AI Article Synopsis

  • This study investigated how abdominal wall thickness (AWT) and its composition affect the reliability of liver stiffness (LS) measurements in patients with chronic liver disease using 2-D shear wave elastography (2-D-SWE).
  • Of the 1291 patients analyzed, 386 (about 30%) had unreliable LS measurements, particularly those in the higher AWT and non-muscular layer thickness (NMT) groups.
  • Findings indicate that increased AWT and high ratios of NMT to AWT correlate with less confidence in LS measurements, suggesting that these factors may impact diagnostic accuracy.

Article Abstract

This study was conducted to define the effect of abdominal wall thickness (AWT) and its composition on the level of confidence in liver stiffness (LS) measurements obtained with 2-D shear wave elastography (2-D-SWE) in patients with chronic liver disease. In this retrospective study, a total of 1291 patients who underwent LS measurement by 2-D-SWE were enrolled.
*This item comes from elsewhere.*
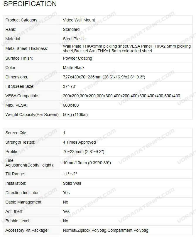 -    Precise Display Alignment: for seamless digital signage(height, depth, tilt adjustment)
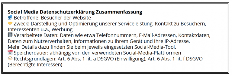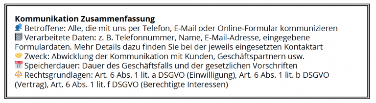 Kurz gesagt: Die Datenschutzerklärung gilt für alle Bereiche, in denen personenbezogene Daten im Unternehmen über die genannten Kanäle strukturiert verarbeitet werden. Sollten wir außerhalb dieser Kanäle mit Ihnen in Rechtsbeziehungen eintreten, werden wir Sie gegebenenfalls gesondert informieren.

The abdominal wall was divided into three layers: layer 1 extended from the skin to the subcutaneous fat layer; layer 2 was the muscle layer; and layer 3 extended from the peritoneum to the liver capsule (including the omental fat layer, if present). We regarded the sums of layers 1-3 and layers 1 and 3 as the AWT and non-muscular layer thickness (NMT). Age/sex/body mass index-adjusted multivariate logistic regression analysis was performed to identify factors influencing the level of confidence of LS measurements. Three hundred eighty-six patients (29.9%) were classified in the unreliable LS group (standard deviation/median LS > 0.1). The fourth quartile of AWT and third and fourth quartiles of NMT/AWT were significantly associated with unreliable LS values (odds ratios = 2.103, 1.753 and 1.695, respectively). In conclusion, high AWT and NMT/AWT ratios reduce the confidence in LS measurements obtained with 2-D-SWE.